DATASET RECORDS:

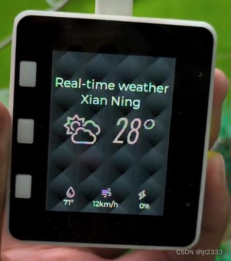 大概就做成了这个样子,然后按中间的按键就能实时播放当地的天气情况。
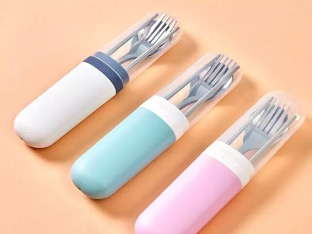 一套便携餐具,包含1双不锈钢筷子、1个不锈钢勺、1个不锈钢叉。
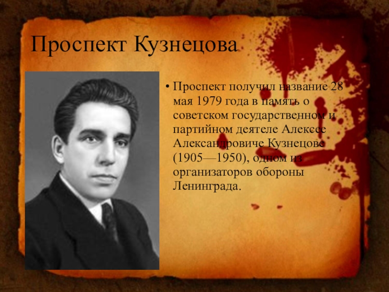 советском государственном и партийном деятеле Алексее Александровиче Кузнецове(1905—1950), одном из организаторов обороны Ленинграда.
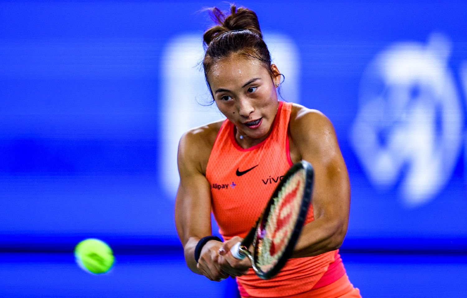 北京时间10月12日晚,2024年武汉网球公开赛展开女单半决赛的争夺,中国选手郑钦文以2:0战胜中国选手王欣瑜晋级决赛。图为郑钦文在比赛中回球。(图片来源:中新社)
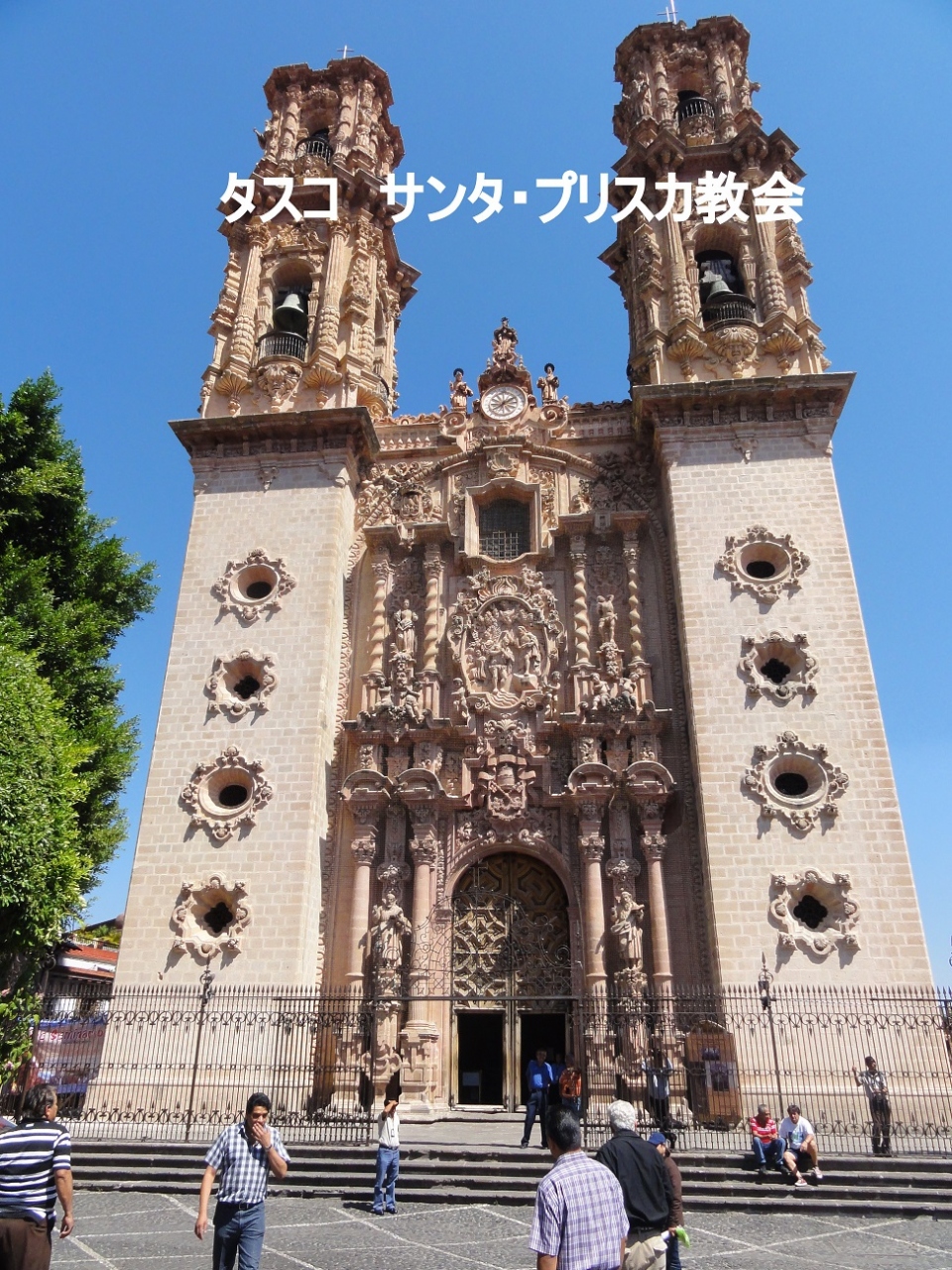 タスコの一番の見ものは、鉱山主ホセ・ボルダの寄贈したサンタ・プリスカ教会です。ボルダが鉱山で得た富をつぎ込んで作ったというサンタ・プリスカ教会は、見事な黄金教会で、メキシコバロックの最高傑作であると言われています。

INSTRUCTIONS FOR THE TASK:
In the entries above, find the line containing "一套便携餐具,包含1双不锈钢筷子、1个不锈钢勺、1个不锈钢叉。", then please retype it and every line after it through the last, exactly as written, omitting pictures.

FINAL ANSWER:
 一套便携餐具,包含1双不锈钢筷子、1个不锈钢勺、1个不锈钢叉。
 советском государственном и партийном деятеле Алексее Александровиче Кузнецове(1905—1950), одном из организаторов обороны Ленинграда.
 北京时间10月12日晚,2024年武汉网球公开赛展开女单半决赛的争夺,中国选手郑钦文以2:0战胜中国选手王欣瑜晋级决赛。图为郑钦文在比赛中回球。(图片来源:中新社)
 タスコの一番の見ものは、鉱山主ホセ・ボルダの寄贈したサンタ・プリスカ教会です。ボルダが鉱山で得た富をつぎ込んで作ったというサンタ・プリスカ教会は、見事な黄金教会で、メキシコバロックの最高傑作であると言われています。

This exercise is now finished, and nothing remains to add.